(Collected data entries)
*-*-*

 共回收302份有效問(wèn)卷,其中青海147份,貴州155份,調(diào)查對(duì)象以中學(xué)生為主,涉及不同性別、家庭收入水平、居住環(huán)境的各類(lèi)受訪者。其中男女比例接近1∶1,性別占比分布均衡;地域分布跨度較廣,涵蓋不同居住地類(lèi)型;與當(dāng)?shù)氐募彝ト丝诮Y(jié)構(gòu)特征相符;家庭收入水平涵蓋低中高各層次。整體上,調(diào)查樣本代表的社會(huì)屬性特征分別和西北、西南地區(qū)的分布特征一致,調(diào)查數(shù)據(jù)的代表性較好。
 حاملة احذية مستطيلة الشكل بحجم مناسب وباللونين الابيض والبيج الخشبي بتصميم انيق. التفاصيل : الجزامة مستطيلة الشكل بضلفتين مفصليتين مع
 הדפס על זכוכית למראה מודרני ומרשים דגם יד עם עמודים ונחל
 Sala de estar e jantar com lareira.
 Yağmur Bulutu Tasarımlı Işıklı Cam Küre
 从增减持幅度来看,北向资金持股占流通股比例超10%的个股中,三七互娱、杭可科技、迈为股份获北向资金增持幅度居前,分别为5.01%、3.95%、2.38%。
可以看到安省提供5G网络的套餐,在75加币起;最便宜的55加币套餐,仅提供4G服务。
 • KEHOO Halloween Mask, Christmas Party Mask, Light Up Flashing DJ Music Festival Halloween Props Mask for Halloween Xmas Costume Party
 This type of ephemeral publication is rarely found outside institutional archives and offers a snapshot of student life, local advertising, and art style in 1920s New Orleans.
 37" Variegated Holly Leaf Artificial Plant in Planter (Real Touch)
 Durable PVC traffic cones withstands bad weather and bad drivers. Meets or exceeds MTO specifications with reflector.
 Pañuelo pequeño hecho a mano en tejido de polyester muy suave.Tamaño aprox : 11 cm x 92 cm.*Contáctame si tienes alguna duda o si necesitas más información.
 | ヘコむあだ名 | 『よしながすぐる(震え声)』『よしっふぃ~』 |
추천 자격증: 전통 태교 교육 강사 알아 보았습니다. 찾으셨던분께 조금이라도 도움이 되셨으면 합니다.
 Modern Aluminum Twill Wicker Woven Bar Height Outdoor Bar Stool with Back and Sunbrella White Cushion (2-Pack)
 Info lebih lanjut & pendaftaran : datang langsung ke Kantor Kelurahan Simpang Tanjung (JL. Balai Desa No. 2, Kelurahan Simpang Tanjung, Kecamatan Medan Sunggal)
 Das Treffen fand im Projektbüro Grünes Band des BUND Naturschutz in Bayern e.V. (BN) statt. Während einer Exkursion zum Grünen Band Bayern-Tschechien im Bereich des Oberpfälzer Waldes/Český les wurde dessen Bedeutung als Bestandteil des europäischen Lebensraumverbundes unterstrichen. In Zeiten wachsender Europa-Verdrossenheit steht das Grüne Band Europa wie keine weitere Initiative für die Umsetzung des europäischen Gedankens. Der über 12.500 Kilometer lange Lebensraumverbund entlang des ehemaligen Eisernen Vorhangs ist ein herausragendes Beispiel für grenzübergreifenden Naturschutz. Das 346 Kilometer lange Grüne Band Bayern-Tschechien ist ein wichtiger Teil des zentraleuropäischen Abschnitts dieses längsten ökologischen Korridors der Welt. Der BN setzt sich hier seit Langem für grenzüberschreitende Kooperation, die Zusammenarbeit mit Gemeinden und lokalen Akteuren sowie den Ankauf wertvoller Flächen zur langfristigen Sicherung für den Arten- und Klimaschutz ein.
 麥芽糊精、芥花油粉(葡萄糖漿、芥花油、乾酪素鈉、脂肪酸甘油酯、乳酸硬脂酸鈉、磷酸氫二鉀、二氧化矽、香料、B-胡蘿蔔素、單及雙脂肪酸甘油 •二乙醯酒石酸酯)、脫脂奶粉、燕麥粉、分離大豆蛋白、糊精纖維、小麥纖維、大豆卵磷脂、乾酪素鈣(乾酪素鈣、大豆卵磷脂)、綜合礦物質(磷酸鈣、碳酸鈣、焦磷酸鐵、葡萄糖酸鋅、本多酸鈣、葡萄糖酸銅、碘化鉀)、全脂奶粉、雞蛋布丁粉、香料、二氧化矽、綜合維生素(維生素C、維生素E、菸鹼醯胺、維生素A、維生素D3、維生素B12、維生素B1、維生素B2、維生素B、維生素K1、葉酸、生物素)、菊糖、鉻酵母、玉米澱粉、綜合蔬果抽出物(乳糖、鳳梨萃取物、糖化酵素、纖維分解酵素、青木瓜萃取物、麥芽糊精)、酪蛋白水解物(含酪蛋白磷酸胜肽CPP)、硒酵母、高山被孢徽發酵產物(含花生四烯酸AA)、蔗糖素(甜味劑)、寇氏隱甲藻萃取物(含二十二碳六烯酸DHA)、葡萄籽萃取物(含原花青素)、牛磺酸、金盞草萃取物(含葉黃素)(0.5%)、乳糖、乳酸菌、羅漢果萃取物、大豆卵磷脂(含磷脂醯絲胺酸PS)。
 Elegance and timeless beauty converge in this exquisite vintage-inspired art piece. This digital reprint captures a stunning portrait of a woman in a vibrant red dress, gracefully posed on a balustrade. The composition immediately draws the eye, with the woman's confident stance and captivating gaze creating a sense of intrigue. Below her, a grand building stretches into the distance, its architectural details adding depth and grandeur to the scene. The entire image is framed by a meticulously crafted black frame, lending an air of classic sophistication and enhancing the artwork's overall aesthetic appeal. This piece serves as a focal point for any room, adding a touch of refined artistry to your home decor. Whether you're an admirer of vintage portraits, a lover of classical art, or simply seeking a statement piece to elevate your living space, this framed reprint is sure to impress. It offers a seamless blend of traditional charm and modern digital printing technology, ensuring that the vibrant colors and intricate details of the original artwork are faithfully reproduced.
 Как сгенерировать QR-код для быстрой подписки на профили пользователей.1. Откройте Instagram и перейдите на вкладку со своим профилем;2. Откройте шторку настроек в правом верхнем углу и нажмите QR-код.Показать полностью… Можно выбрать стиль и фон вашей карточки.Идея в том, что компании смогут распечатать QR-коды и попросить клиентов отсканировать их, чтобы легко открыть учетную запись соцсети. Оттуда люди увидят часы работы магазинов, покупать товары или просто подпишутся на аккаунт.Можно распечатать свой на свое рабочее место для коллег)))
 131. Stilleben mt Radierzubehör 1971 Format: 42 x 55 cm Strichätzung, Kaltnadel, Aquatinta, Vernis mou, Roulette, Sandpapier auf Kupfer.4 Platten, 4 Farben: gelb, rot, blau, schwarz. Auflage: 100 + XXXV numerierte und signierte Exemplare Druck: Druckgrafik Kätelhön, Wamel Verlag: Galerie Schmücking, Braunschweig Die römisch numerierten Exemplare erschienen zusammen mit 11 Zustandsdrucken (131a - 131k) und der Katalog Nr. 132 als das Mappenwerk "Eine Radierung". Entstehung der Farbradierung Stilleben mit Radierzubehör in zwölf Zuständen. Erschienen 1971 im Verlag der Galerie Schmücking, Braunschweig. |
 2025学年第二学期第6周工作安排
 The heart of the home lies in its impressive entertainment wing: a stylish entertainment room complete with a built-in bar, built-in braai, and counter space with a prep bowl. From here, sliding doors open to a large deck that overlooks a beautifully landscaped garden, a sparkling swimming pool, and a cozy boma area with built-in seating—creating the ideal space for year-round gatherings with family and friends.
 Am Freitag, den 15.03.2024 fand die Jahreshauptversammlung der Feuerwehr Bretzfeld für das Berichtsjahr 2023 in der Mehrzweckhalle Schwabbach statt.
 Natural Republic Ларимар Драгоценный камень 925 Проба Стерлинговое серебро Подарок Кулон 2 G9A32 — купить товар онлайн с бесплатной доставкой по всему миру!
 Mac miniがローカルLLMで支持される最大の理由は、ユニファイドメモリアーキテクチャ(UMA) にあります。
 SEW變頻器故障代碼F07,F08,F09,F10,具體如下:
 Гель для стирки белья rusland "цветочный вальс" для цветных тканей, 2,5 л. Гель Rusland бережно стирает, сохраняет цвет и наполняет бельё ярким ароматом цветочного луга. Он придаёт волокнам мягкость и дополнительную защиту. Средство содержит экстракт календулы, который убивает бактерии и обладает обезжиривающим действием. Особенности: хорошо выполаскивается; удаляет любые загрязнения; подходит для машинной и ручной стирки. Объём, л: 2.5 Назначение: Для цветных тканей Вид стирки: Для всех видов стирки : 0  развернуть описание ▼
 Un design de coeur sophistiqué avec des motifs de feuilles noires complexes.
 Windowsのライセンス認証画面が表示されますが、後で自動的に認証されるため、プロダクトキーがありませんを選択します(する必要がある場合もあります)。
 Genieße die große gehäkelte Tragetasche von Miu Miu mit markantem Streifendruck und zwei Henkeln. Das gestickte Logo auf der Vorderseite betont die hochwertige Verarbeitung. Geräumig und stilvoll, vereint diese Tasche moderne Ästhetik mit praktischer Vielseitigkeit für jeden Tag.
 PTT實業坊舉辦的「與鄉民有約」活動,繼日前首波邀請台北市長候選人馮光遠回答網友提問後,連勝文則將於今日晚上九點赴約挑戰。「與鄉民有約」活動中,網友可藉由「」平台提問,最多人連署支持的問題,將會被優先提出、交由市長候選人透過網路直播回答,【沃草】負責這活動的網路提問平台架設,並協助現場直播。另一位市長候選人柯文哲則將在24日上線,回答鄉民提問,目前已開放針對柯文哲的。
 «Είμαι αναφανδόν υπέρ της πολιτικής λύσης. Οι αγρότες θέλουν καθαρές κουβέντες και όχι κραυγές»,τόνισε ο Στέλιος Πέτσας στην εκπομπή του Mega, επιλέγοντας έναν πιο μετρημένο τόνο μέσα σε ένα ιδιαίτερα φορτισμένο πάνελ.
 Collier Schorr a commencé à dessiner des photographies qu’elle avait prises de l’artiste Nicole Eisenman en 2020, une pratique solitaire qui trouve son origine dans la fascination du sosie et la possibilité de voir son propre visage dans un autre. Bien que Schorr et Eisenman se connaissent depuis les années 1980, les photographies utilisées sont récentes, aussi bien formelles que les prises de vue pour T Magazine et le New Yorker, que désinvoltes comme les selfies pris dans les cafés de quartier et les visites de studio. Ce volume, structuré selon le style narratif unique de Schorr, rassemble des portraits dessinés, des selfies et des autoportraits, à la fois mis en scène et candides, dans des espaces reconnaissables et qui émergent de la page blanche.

*-*-*

Look above for the line holding "حاملة احذية مستطيلة", then set down exactly that line and every line after it up to and including the line holding "Info lebih lanjut", with nothing else.

[Exercise output]
 حاملة احذية مستطيلة الشكل بحجم مناسب وباللونين الابيض والبيج الخشبي بتصميم انيق. التفاصيل : الجزامة مستطيلة الشكل بضلفتين مفصليتين مع
 הדפס על זכוכית למראה מודרני ומרשים דגם יד עם עמודים ונחל
 Sala de estar e jantar com lareira.
 Yağmur Bulutu Tasarımlı Işıklı Cam Küre
 从增减持幅度来看,北向资金持股占流通股比例超10%的个股中,三七互娱、杭可科技、迈为股份获北向资金增持幅度居前,分别为5.01%、3.95%、2.38%。
可以看到安省提供5G网络的套餐,在75加币起;最便宜的55加币套餐,仅提供4G服务。
 • KEHOO Halloween Mask, Christmas Party Mask, Light Up Flashing DJ Music Festival Halloween Props Mask for Halloween Xmas Costume Party
 This type of ephemeral publication is rarely found outside institutional archives and offers a snapshot of student life, local advertising, and art style in 1920s New Orleans.
 37" Variegated Holly Leaf Artificial Plant in Planter (Real Touch)
 Durable PVC traffic cones withstands bad weather and bad drivers. Meets or exceeds MTO specifications with reflector.
 Pañuelo pequeño hecho a mano en tejido de polyester muy suave.Tamaño aprox : 11 cm x 92 cm.*Contáctame si tienes alguna duda o si necesitas más información.
 | ヘコむあだ名 | 『よしながすぐる(震え声)』『よしっふぃ~』 |
추천 자격증: 전통 태교 교육 강사 알아 보았습니다. 찾으셨던분께 조금이라도 도움이 되셨으면 합니다.
 Modern Aluminum Twill Wicker Woven Bar Height Outdoor Bar Stool with Back and Sunbrella White Cushion (2-Pack)
 Info lebih lanjut & pendaftaran : datang langsung ke Kantor Kelurahan Simpang Tanjung (JL. Balai Desa No. 2, Kelurahan Simpang Tanjung, Kecamatan Medan Sunggal)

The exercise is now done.